Known as the “River of Mists,” the Skeena River offers a treasure trove of delights for the outdoor lover. The second longest river to run completely within British Columbia, it is a vital element in the lives of the native populations and others who live within its watershed.
What may be of more interest to the sports-minded individual, however, is the fact that the Skeena is home to vast numbers of of salmon, including chinook, chum, coho, pink, sockeye and steelhead. In fact, it holds the world record for chinook: a gargantuan fish of 92.5 pounds has reportedly been taken from the river. Fly fishers from all over Canada – and well beyond – descend every year for both guided trips and independent forays into the Skeena wilderness.

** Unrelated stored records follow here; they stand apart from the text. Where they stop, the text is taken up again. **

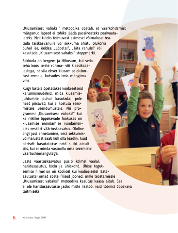 „Kiusamisest vabaks!“ metoodika õpetab, et väärkohtlemist märganud lapsed ei tohiks jääda passiivseteks pealvaata- jateks. Neil tuleks toimuvast esimesel võimalusel tea-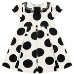 O corpo do vestido é valorizado pela clássica estampa de bolinhas póa, um ícone atemporal que nunca sai de moda. A cintura marcada com pregas garante caimento estruturado e volume suave à saia. Com design versátil e elegante, esse vestido é perfeito tanto para ocasiões especiais quanto para passeios em família, garantindo que sua pequena esteja sempre confortável e cheia de estilo. Uma peça delicada, divertida e atemporal para brilhar em todas as estações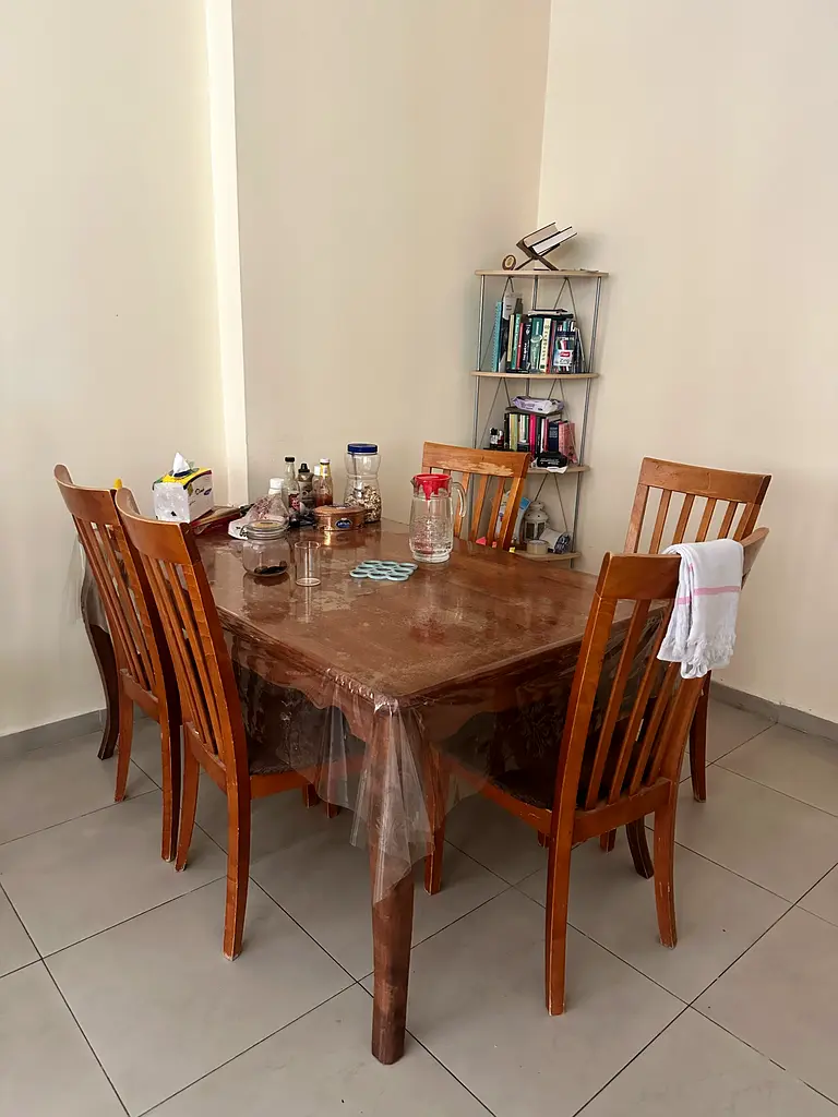 I'm selling a solid wooden dining table with chairs from Ikea. This set has been in normal usage for about 1-2 years and is in good condition. The table is rectangular and comfortably seats up to 6 people, making it perfect for family meals or gatherings. It features a warm brown color that adds a cozy touch to any dining area.

The Skeena, unhindered by dams, runs for more than 500 miles through largely undeveloped territory before finally meeting up with the Pacific Ocean at the Dixon Entrance. A number of fishing and outdoor sports companies offer charters – just Google “Skeena River fishing tours” and you’ll find a wealth of expert fisherfolk offering their services to anglers. You can also find outfits offering river rafting tours and there are many pristine campgrounds in the Skeena River Valley area. Just be aware that while camping you may be treated to the sight of a black bear coming down to the river in the evening, and other wildlife abounds in the region as well.

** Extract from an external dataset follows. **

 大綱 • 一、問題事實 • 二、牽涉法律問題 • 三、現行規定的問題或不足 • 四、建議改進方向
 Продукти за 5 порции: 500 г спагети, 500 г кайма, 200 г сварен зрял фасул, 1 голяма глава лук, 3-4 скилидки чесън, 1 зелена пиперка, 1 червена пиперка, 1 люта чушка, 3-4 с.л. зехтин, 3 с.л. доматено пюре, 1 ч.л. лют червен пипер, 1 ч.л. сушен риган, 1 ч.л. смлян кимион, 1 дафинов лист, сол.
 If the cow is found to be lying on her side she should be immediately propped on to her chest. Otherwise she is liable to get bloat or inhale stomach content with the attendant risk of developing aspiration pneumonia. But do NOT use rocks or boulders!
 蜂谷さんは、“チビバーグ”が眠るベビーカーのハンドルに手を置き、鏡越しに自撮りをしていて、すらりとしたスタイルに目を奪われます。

If you’re interested in fishing the Skeena River, we recommend that you plan your trip for the summer months. With an estimated five million salmon running the Skeena each year, you’ll find the coho starting to run in July, with the others following. Peak times are in early autumn. There are visitor centers at various points on the roads leading to the river, where you’ll be able to find further information on fishing conditions at that locale, as well as lists for local guides and outfitters.